▶ Task data:
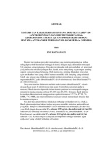 Kanker merupakan penyakit mematikan yang menempati peringkat kedua sebagai penyebab kematian tertinggi di dunia, dengan angka kematian mencapai 9,6 juta jiwa setiap tahunnya. Penyakit ini ditandai oleh pertumbuhan sel abnormal yang menyebar melalui jaringan ikat, darah, serta menyerang organ-organ penting seperti sumsum tulang belakang. Oleh karena itu, penting dilakukan pencarian agen antikanker baru yang efektif namun memiliki efek samping yang minimal. Salah satu upaya yang dilakukan adalah melalui pemanfaatan senyawa turunan organotimah(IV), yaitu dibutiltimah(IV) di-(4-nitrobenzoat) dan dibutiltimah(IV) di-(4-klorobenzoat). Senyawa tersebut disintesis melalui reaksi antara dibutiltimah(IV) oksida dengan ligan asam 4-nitrobenzoat dan asam 4-klorobenzoat dalam pelarut metanol. Hasil sintesis diperoleh dalam bentuk padatan berwarna putih dengan rendemen masing-masing sebesar 87,44% dan 85,53%. Senyawa hasil sintesis kemudian dikarakterisasi menggunakan spektrofotometer UV-Vis, FTIR, 1H- NMR, 13 C-NMR, dan microelemental analyzer untuk memastikan struktur dan kemurnian senyawa. Uji aktivitas antiproliferasi dilakukan terhadap sel kanker serviks (HeLa). Hasil uji menunjukkan bahwa kedua senyawa memiliki aktivitas antiproliferasi yang baik. Senyawa dibutiltimah(IV) di-(4-nitrobenzoat) menunjukkan aktivitas yang lebih tinggi dengan nilai IC50 sebesar 3,90 μg/mL dan indeks selektivitas (IS) sebesar 9,33 terhadap sel normal (Vero). Sementara itu, dibutiltimah(IV) di-(4- klorobenzoat) memiliki nilai IC50 sebesar 4,34 μg/mL dan indeks selektivitas sebesar 14,33. Kedua senyawa dinyatakan berpotensi sebagai kandidat agen antikanker yang selektif terhadap sel kanker. Kata kunci: dibutiltimah(IV) di-(4- nitrobenzoat), dibutiltimah(IV) di-(4- klorobenzoat), IC50, sel HeLa, uji antiproliferasi Cancer is a deadly disease that ranks second as the leading cause of death worldwide, with 9.6 million deaths each year. The disease is characterized by abnormal cell growth that spreads through connective tissue, blood, and invades important organs such as the spinal cord. Therefore, it is important to look for new anticancer agents that are effective yet have minimal side effects. One of the efforts made is through the utilization of organotin (IV) derived compounds, namely dibutyltin (IV) di-(4-nitrobenzoate) and dibutyltin (IV) di-(4- chlorobenzoate). This compound was synthesized through the reaction between dibutyltin (IV) oxide with 4-nitrobenzoic acid and 4-chlorobenzoic acid ligands in methanol solvent. The synthesis results obtained are white solids with yields of 87.44% and 85.53%, respectively. The synthesized compounds were then characterized using UV-Vis spectrophotometer, FTIR, 1H-NMR, 13 C-NMR, and microelement analysis to ensure the structure and purity of the compounds. Antiproliferation activity test was conducted on cervical cancer cells (HeLa). The test results show that both compounds have good antiproliferation activity. Dibutiltin(IV) di-(4-nitrobenzoate) compound showed higher activity with IC50 value of 3.90 μg/mL and selectivity index (IS) of 9.33 against normal cells (Vero). Meanwhile, dibutyltin (IV) di-(4-chlorobenzoate) had an IC50 value of 4.34 μg/mL and a selectivity index of 14.33. Both compounds were found to have potential as anticancer agent candidates that are selective to cancer cells. Key words: antiproliferation assay, dibutyltin(IV) di-(4-nitrobenzoate), dibutyltin(IV) di-(4-chlorobenzoate), HeLa cells), IC50
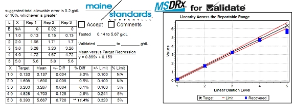 LGC Maine Standards' VALIDATE® products are excellent for this testing and allow you to maximize your reportable range with no dilutions.
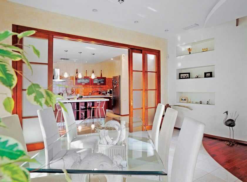 Если проемы расположены на смежных стенах в непосредственной близости, двери могут занимать одно и то же пространство, но оно больше не сможет выполнять какие-либо другие функции. Разве только украсить угол большим вазоном с живым растением. Поэтому в большинстве случаев дизайнеры предлагают установить раздвижные конструкции. Но на принятие решения влияет как расположение проемов, так и их ширина. Проходная гостиная с широкими проемами, больше похожими на арки, будет маленьким островком для отдыха в огромном пространстве всего дома или квартиры.
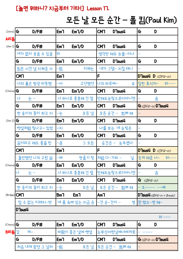 오늘은 폴 킴의 '모든 날 모든 순간'의 코드 연습을 해볼게요.
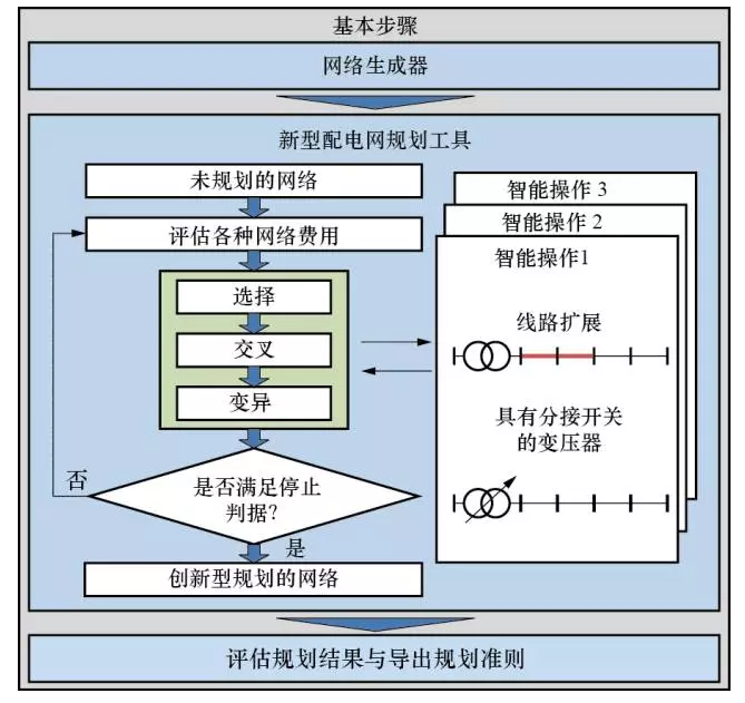 文獻(xiàn)[18]針對中、低壓配網(wǎng)提出一種基于遺傳算法(geneticalgorithm,GA)的規(guī)劃方法,如圖6所示。第一步,根據(jù)不同的供用電要求以及實際電網(wǎng)特征,生成特征各異的網(wǎng)絡(luò)結(jié)構(gòu);第二步,利用GA方法針對每種網(wǎng)絡(luò)結(jié)構(gòu)得到最優(yōu)的傳統(tǒng)建設(shè)方案和智能建設(shè)方案;最后,對所得方案進(jìn)行評估比較。運(yùn)用GA算法時,每種符合運(yùn)行約束要求的電網(wǎng)配置方案都作為一個個體,每次迭代時,以各種網(wǎng)絡(luò)成本(適應(yīng)度函數(shù))最小為目標(biāo),先隨機(jī)挑選兩個個體進(jìn)行交叉生成新個體,然后以減小成本為原則修改個體(變異),變異后計算潮流以驗證網(wǎng)絡(luò)約束是否越限,如果越限,則通過擴(kuò)建線路等措施修改個體,或回退到變異之前的初始狀態(tài);此過程不斷繼續(xù),直到滿足收斂判據(jù)。另外,該方法還采用了所謂智能操作(smartoperator)來改善GA求解效率不高的缺陷,即利用一些有效措施(如中低壓變壓器分接頭切換和線路擴(kuò)建相結(jié)合)對當(dāng)前結(jié)果進(jìn)行智能化修正,加速找到最優(yōu)解的過程。

▶ Your goal: What you return from the records above should be exactly everything from the line with "Если проемы расположены" down to the line with "오늘은 폴 킴의 '모든 날 모든 순간'의 코드 연습을 해볼게요.", both kept, and no pictures.

▶ Expected output:
 Если проемы расположены на смежных стенах в непосредственной близости, двери могут занимать одно и то же пространство, но оно больше не сможет выполнять какие-либо другие функции. Разве только украсить угол большим вазоном с живым растением. Поэтому в большинстве случаев дизайнеры предлагают установить раздвижные конструкции. Но на принятие решения влияет как расположение проемов, так и их ширина. Проходная гостиная с широкими проемами, больше похожими на арки, будет маленьким островком для отдыха в огромном пространстве всего дома или квартиры.
 오늘은 폴 킴의 '모든 날 모든 순간'의 코드 연습을 해볼게요.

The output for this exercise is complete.